9 thoughts on “Aiming to capture the protest vote is an electoral dead end

  1. It seems all parties have a bedrock vote,below which they are unlikely to fall. In 1983 Labour (26%) and in 1997 the Tories (31%) show that even when a party is in free fall there are those who will turnout. Protest voters by definition are not strongly aligned to a party, and therefore likely to be politically volatile.. There’s no quick fix,and as you say simply becoming a repository for protest votes is not a viable long term strategy. How a party turns sympathisers into followers and members is complex,but extending ‘the base’ requires selling values as well as policies. Those who identify with the largest two parties know what values to expect,it’s when they depart from those values that core voters are lost. Of course ‘selling values’ is not easy, especially for small parties who are either denied media access or faced with a hostile reception in the media. However this route is better than gathering the support of those who are here today,gone tomorrow.

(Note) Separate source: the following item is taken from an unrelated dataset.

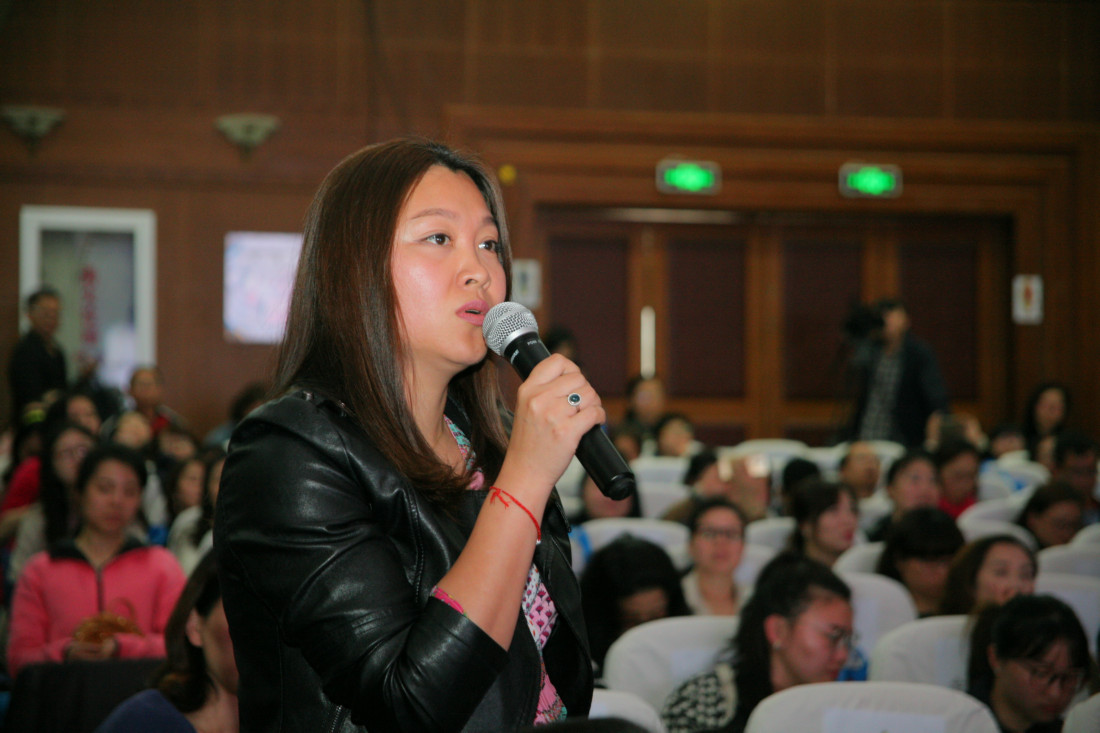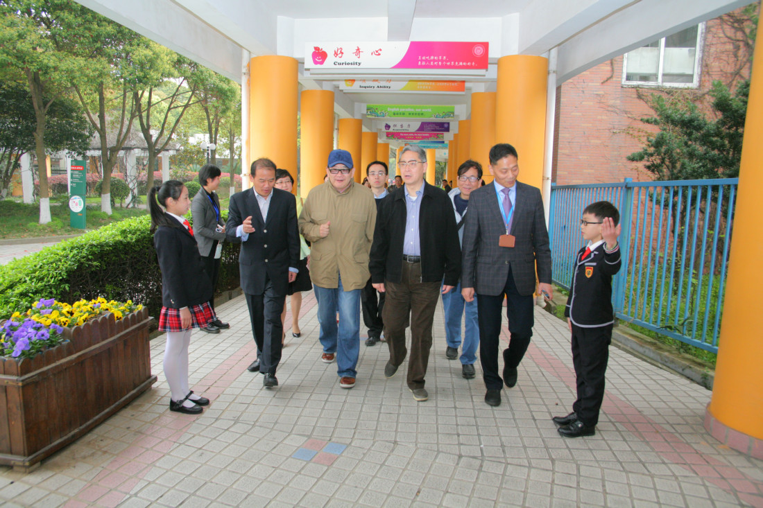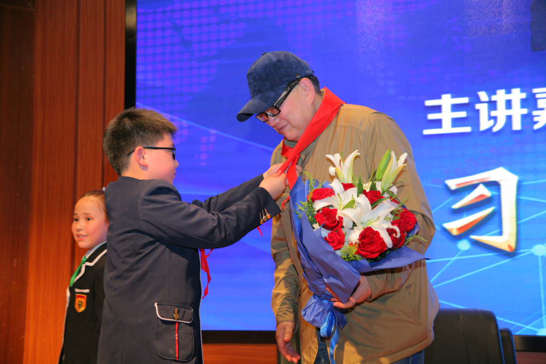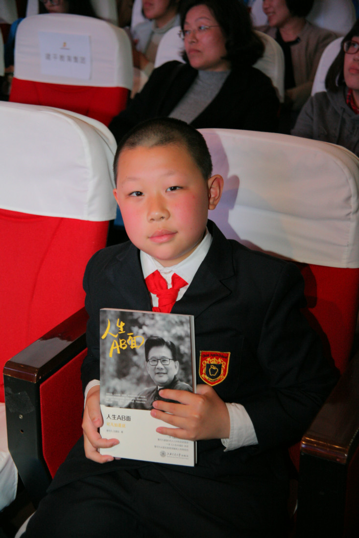 主要领导合影留念(左起依次:于家太、谭轶斌、尹后庆、曹可凡、张文荣、胡福臻) 金苹果学校创办人、亚龙集团董事长张文荣先生陪同介绍 曹可凡先生亲切与金苹果学生交流 论坛开幕倒计时 主持人谭轶斌老师讲话 曹可凡先生开讲 曹可凡先生的演讲非常精彩,在场观众座无虚席,整整近两个小时的聆听,不少观众拿着本子手写记录。 进入互动环节,曹可凡先生回答在场观众的提问及网络在线提问,每一个问题都力求解答详尽。 现场观众互动 金苹果学生提问 本次论坛采用了微信直播技术,在线问题提交及直播解答同时进行。 获得曹老师签名的出版书籍 金苹果学校少先队代表为曹可凡老师献花并系红领巾 与论坛工作人员合影留念

    • I think you are spot on Paul. Imparting our values to the electorate is a long process, not likely to be solved in a single blog post. 😉 We seem to agree that nurturing the larger group of ideologically motivated voters is the best way forward, rather than running after a bandwagon and grabbing for disenchanted voters. In sidestepping the hostile or indifferent media, I have been noticing recently that Green activists are becoming increasingly more visible and numerous on social media sites, Twitter especially. Viral messaging using these methods could be explored to break through our policies to a wider range of warmer audiences, especially if our activists could work collectively around key moments.

  2. Hi Stephen,
    would agree with most of what you’ve posted here and see it as vital to move beyond the electoral landscape we have today. Reengaging with the millions of voters other parties have lost since 1997, as well as the younger generation, is vital both to addressing the deficit in democracy we face today and ensuring Green gains aren’t as vulnerable to swings to other parties, as was the effect of the 2010 GE.
    I’m curious what you mean when you refere to the ‘politics of protest’ though. Greens have engaged effectively with groups associated with protest such as UK Uncut, PSC and CoR. To me it is vital that our politics are rooted in action as well as stronger policies. Translating our policies into action outside the electoral arena and working effectively with the broader left is essential in my book and something that we should stay true to.

  3. Appreciate your comments Jack. As someone with quite a passionate commitment and background in community activism, I really agree that we need to build our electoral appeal through dialogue and solidarity with those trying to change public debate through protest and lobbying of decision-makers. By politics of protest, I meant not depending on the quick-win attitude of seeing our opponents struggle on an issue and then telling the electorate what we think we want them to hear, as the Liberal Democrats have been known to do. By taking the easy route of being a safe space for those protest votes, without really wrestling ourselves with the complexities of the political issue at hand, we risk not having the fairest debate with the public and risk departing from our core values and losing longer term support, the point that Paul ably made above. Working with those organisations like UK Uncut who campaign on issues central to our green values is essential for nurturing the next generation of activists and politicians.